PROBLEM STATEMENT:
Reproduce the entries in full. Exclude all images from the copy.

Source data
━━━━━━

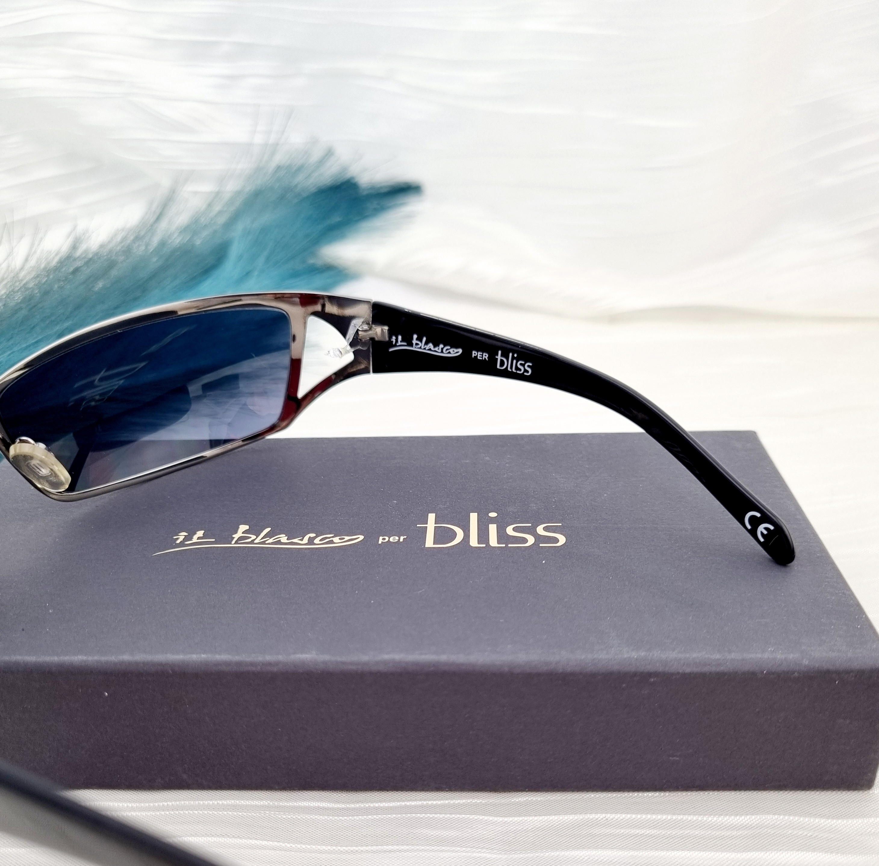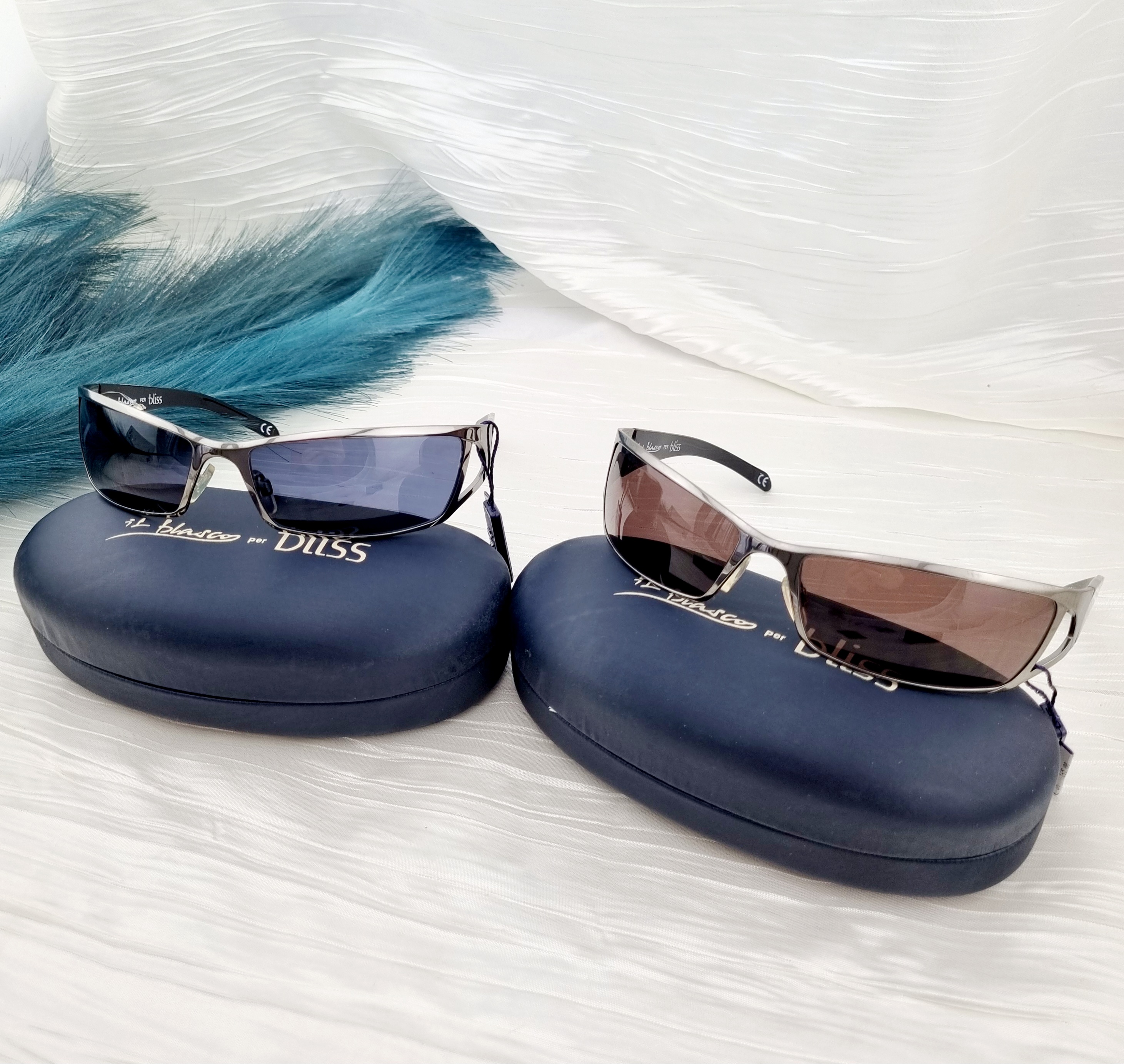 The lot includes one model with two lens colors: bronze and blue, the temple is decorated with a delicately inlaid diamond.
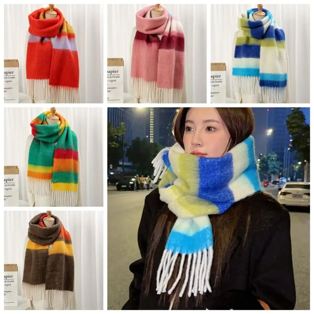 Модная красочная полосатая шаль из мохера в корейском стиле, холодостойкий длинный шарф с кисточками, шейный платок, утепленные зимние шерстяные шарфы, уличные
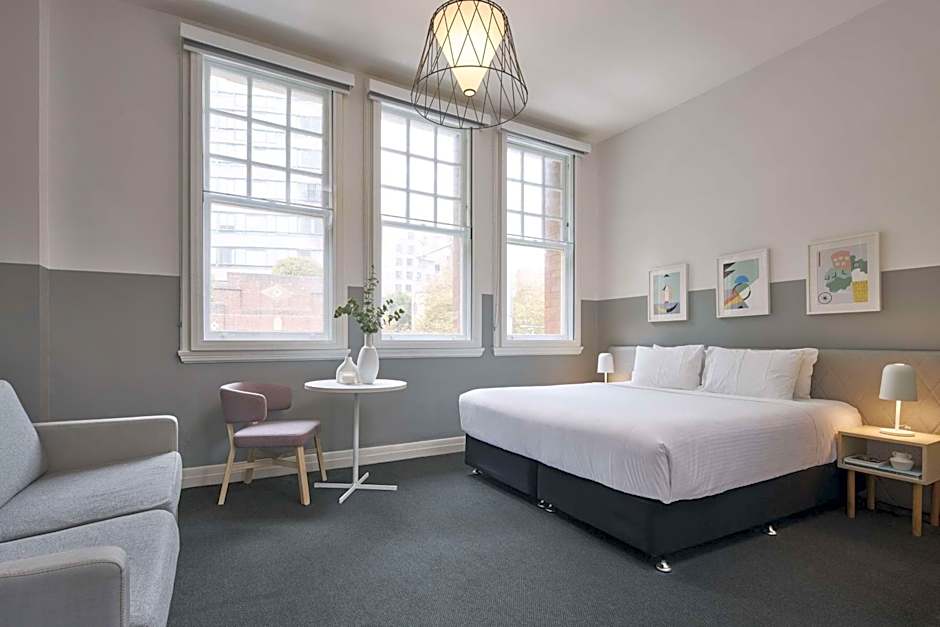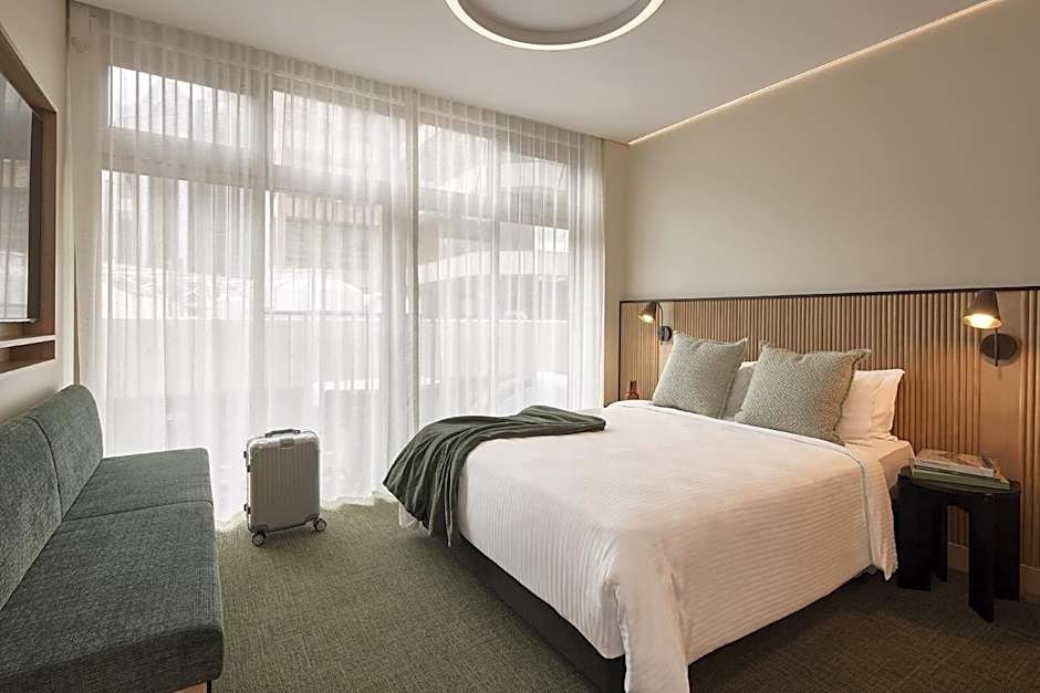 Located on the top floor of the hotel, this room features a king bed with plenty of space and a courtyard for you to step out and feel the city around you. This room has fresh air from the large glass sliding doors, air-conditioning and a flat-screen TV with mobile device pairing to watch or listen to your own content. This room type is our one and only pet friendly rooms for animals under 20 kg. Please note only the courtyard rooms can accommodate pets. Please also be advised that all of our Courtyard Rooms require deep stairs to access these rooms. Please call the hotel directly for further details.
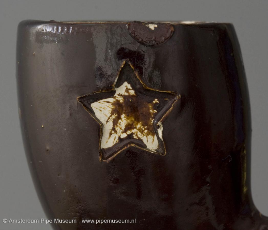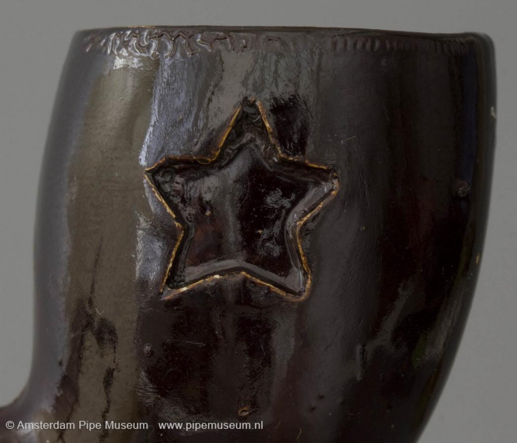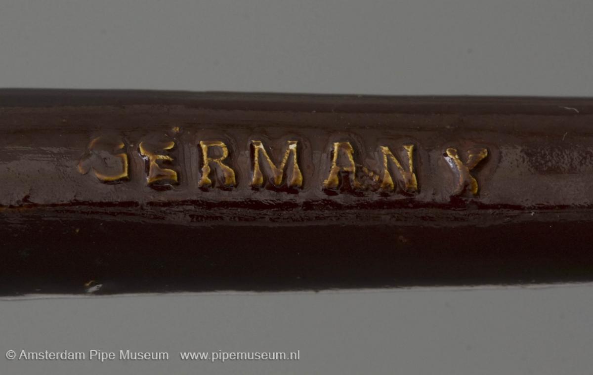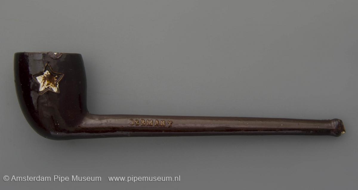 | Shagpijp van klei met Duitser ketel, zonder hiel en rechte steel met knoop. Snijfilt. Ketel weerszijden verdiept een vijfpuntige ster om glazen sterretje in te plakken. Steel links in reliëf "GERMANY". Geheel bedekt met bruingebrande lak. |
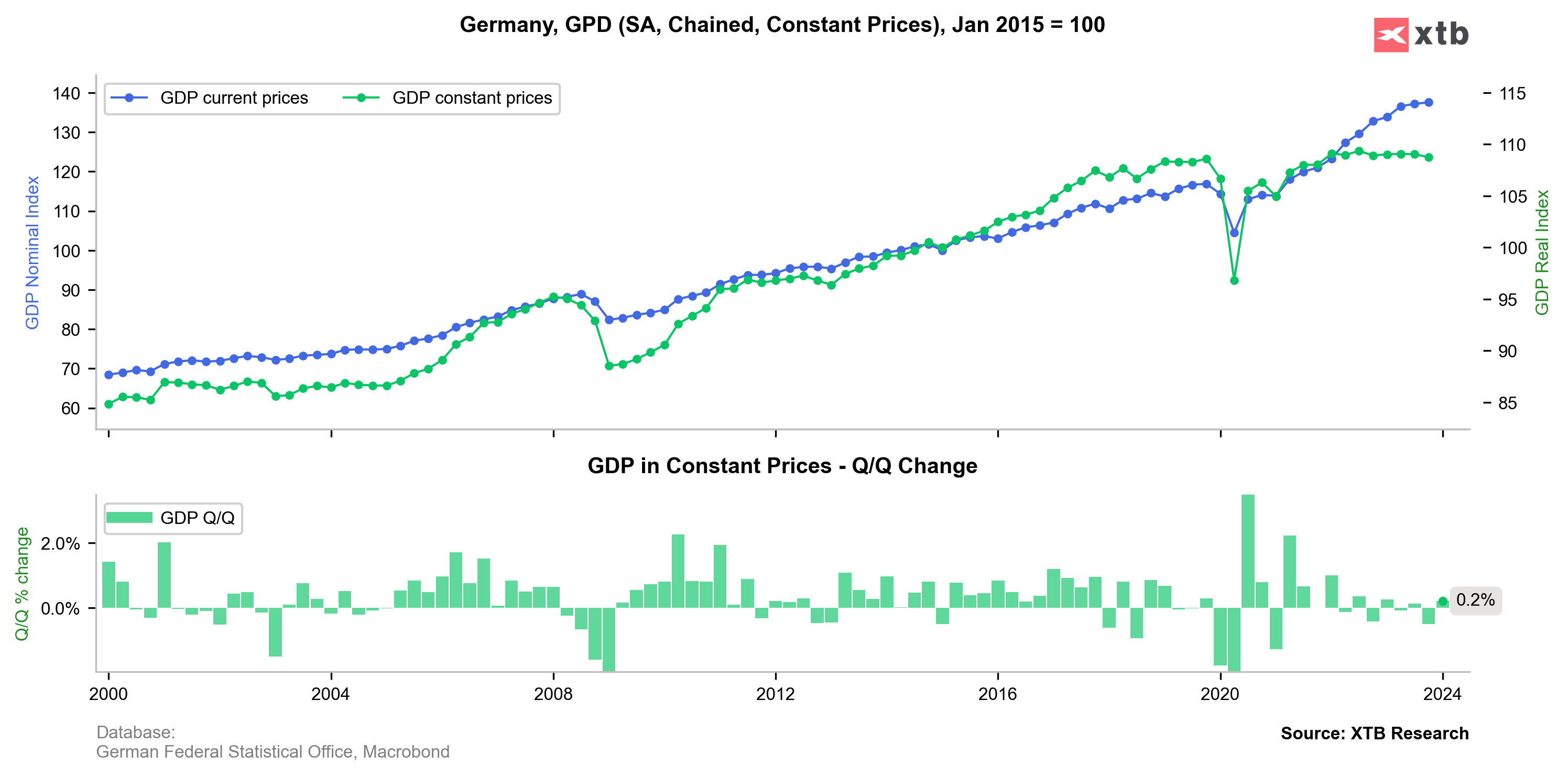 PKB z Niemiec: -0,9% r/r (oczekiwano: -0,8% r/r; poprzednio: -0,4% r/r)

━━━━━━

EXERCISE RESULT:
 The lot includes one model with two lens colors: bronze and blue, the temple is decorated with a delicately inlaid diamond.
 Модная красочная полосатая шаль из мохера в корейском стиле, холодостойкий длинный шарф с кисточками, шейный платок, утепленные зимние шерстяные шарфы, уличные
 Located on the top floor of the hotel, this room features a king bed with plenty of space and a courtyard for you to step out and feel the city around you. This room has fresh air from the large glass sliding doors, air-conditioning and a flat-screen TV with mobile device pairing to watch or listen to your own content. This room type is our one and only pet friendly rooms for animals under 20 kg. Please note only the courtyard rooms can accommodate pets. Please also be advised that all of our Courtyard Rooms require deep stairs to access these rooms. Please call the hotel directly for further details.
 | Shagpijp van klei met Duitser ketel, zonder hiel en rechte steel met knoop. Snijfilt. Ketel weerszijden verdiept een vijfpuntige ster om glazen sterretje in te plakken. Steel links in reliëf "GERMANY". Geheel bedekt met bruingebrande lak. |
 PKB z Niemiec: -0,9% r/r (oczekiwano: -0,8% r/r; poprzednio: -0,4% r/r)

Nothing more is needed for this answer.